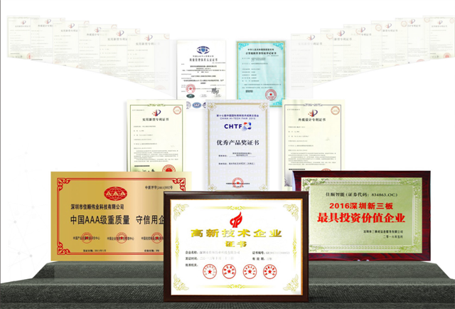 各类资质荣誉——目前已经荣获“国家级高新技术企业”、 “广东省名优产品企业”、“深圳市政府重点扶持企业”、欧盟地区“CE认证”、“广东省机器人协会副理事长单位”、“武器装备质量管理体系认证”等多项资质。
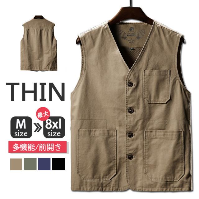 ベスト メンズ ジレ 夏用 裏メッシュ カジュアル 前開き 大きいサイズ シニア サマーベスト 釣り カメラマン キャンプ ミリタリー 撮影用 薄手
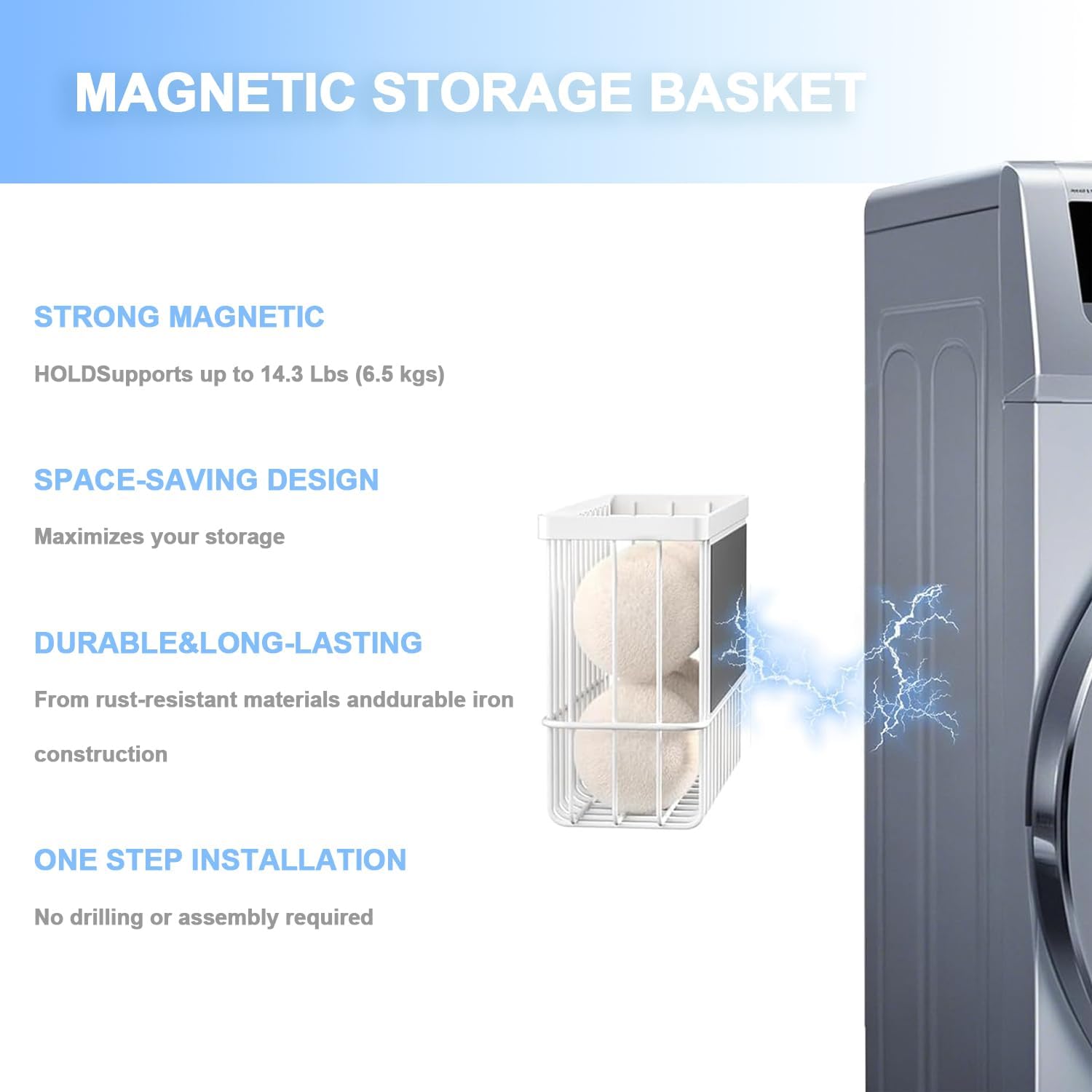- The magnetic dryer ball holder can put it on the side or front of dryer for easy access to get the dryer ball.

──────────

About this exercise:
Working from the line that contains "ベスト メンズ ジレ 夏用" to the last line of the listing, please quote each line exactly, pictures excluded.

Response to the exercise:
 ベスト メンズ ジレ 夏用 裏メッシュ カジュアル 前開き 大きいサイズ シニア サマーベスト 釣り カメラマン キャンプ ミリタリー 撮影用 薄手
- The magnetic dryer ball holder can put it on the side or front of dryer for easy access to get the dryer ball.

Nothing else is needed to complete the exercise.